A faithful copy is required: transcribe each line below exactly, minus the pictures.

- [GIVEN DATA]
>>>

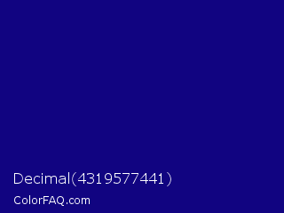Decimal 4319577441 Color is a dark indigo color and the nearest color is Ultramarine #120a8f. Hex code #110481 and RGB value is rgb(17,4,129). In RGB color space, this color is composed of 7% red, 2% green, 51% blue, In CMYK color space, this color is composed of 87% cyan, 97% magenta, 0% yellow , 49% black , In HSL color space, this color has a hue angle of 246° , 94% saturation and 26% lightness.
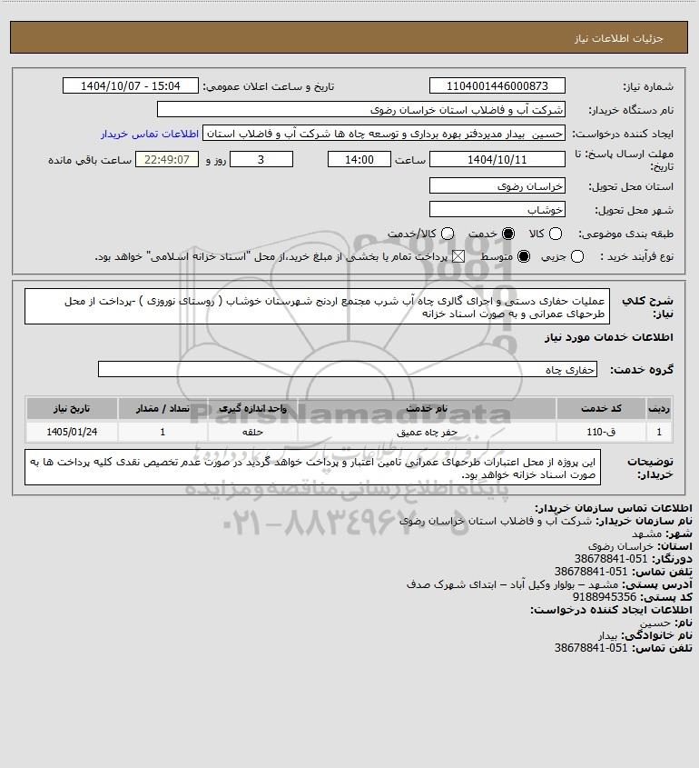 استعلام عملیات حفاری دستی و اجرای گالری چاه آب شرب مجتمع اردنج شهرستان خوشاب ( روستای نوروزی ) -پرداخت از محل طرحهای عمرانی و به صورت اسناد خزانه, استعلام عملیات حفاری دستی و اجرای گالری چاه آب شرب مجتمع اردنج شهرستان خوشاب ( روستای نوروزی ) -پرداخت از محل طرحهای عمرانی و به صورت اسناد خزانه
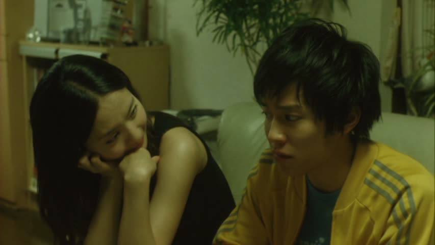 Satoru finira même par devenir en quelque sorte l’ami intime de chacun de ses colocataires, un ami qui arrive sans prévenir et avec qui on sent que l’on peut immédiatement partager des moments de sa vie, raconter son passé. Et parfois un peu sans le vouloir, ou par inadvertance, il pourra finalement aider ses différents personnages à vaincre certaines choses, à aller de l’avant. C’est sur ce point que le film se rapproche le plus de Visitor Q, le trash en moins. Satoru fera parfois certaines actions qui feront évoluer les personnages, alors qu’au départ, il ne le faisait pas dans ce but. L’opposé de Ryôsuke, qui passe son temps à aider les autres, à les écouter, et au final, l’aide qu’il leur apporte n’est pas toujours écoutée. Pire, au fur et à mesure, il se retrouve seul. Parade ressemble en fait énormément à une étude de la vie sociale de ses différents personnages, le tout baignant dans une atmosphère de mystère, qui au fur et à mesure que le film avance, ne se révèle être que du faux. C’est en ce sens que le film ne plaira pas à tout le monde, voir pourra se faire détester de la part de certains spectateurs. Il ne se passe finalement pas grand chose dans le métrage, ou même pour ainsi dire rien. Pourtant à n’en pas douter, Parade est un film qui a beaucoup de choses à raconter sur nous, en tant qu’individus, sur notre intimité, et qui le fait plutôt subtilement, de manière assez noire par moment, et avec beaucoup d’humour à d’autres moments. On retrouve chez chacun d’entre eux la banalité de la vie de tous les jours, avec les amours, les peines, l’imagination qui nous joue des tours. La réalisation très travaillée, le magnifique éclairage vert et jaune, la musique répétitive mais convenant parfaitement au métrage et créant finalement un mystère de Asamoto Hirofumi, et même l’interprétation très solide de la part de la plupart du casting, rendant les situations tour à tour comiques (l’arrivée de Satoru), touchantes (la scène dans le manège), mystérieuses (la filature dans la rue), tout cela fait de Parade un film extrêmement prenant, si l’on adhère à son non rythme, à ses faux mystères et à sa lenteur.

<<<

- [TASK OUTPUT]
Decimal 4319577441 Color is a dark indigo color and the nearest color is Ultramarine #120a8f. Hex code #110481 and RGB value is rgb(17,4,129). In RGB color space, this color is composed of 7% red, 2% green, 51% blue, In CMYK color space, this color is composed of 87% cyan, 97% magenta, 0% yellow , 49% black , In HSL color space, this color has a hue angle of 246° , 94% saturation and 26% lightness.
 استعلام عملیات حفاری دستی و اجرای گالری چاه آب شرب مجتمع اردنج شهرستان خوشاب ( روستای نوروزی ) -پرداخت از محل طرحهای عمرانی و به صورت اسناد خزانه, استعلام عملیات حفاری دستی و اجرای گالری چاه آب شرب مجتمع اردنج شهرستان خوشاب ( روستای نوروزی ) -پرداخت از محل طرحهای عمرانی و به صورت اسناد خزانه
 Satoru finira même par devenir en quelque sorte l’ami intime de chacun de ses colocataires, un ami qui arrive sans prévenir et avec qui on sent que l’on peut immédiatement partager des moments de sa vie, raconter son passé. Et parfois un peu sans le vouloir, ou par inadvertance, il pourra finalement aider ses différents personnages à vaincre certaines choses, à aller de l’avant. C’est sur ce point que le film se rapproche le plus de Visitor Q, le trash en moins. Satoru fera parfois certaines actions qui feront évoluer les personnages, alors qu’au départ, il ne le faisait pas dans ce but. L’opposé de Ryôsuke, qui passe son temps à aider les autres, à les écouter, et au final, l’aide qu’il leur apporte n’est pas toujours écoutée. Pire, au fur et à mesure, il se retrouve seul. Parade ressemble en fait énormément à une étude de la vie sociale de ses différents personnages, le tout baignant dans une atmosphère de mystère, qui au fur et à mesure que le film avance, ne se révèle être que du faux. C’est en ce sens que le film ne plaira pas à tout le monde, voir pourra se faire détester de la part de certains spectateurs. Il ne se passe finalement pas grand chose dans le métrage, ou même pour ainsi dire rien. Pourtant à n’en pas douter, Parade est un film qui a beaucoup de choses à raconter sur nous, en tant qu’individus, sur notre intimité, et qui le fait plutôt subtilement, de manière assez noire par moment, et avec beaucoup d’humour à d’autres moments. On retrouve chez chacun d’entre eux la banalité de la vie de tous les jours, avec les amours, les peines, l’imagination qui nous joue des tours. La réalisation très travaillée, le magnifique éclairage vert et jaune, la musique répétitive mais convenant parfaitement au métrage et créant finalement un mystère de Asamoto Hirofumi, et même l’interprétation très solide de la part de la plupart du casting, rendant les situations tour à tour comiques (l’arrivée de Satoru), touchantes (la scène dans le manège), mystérieuses (la filature dans la rue), tout cela fait de Parade un film extrêmement prenant, si l’on adhère à son non rythme, à ses faux mystères et à sa lenteur.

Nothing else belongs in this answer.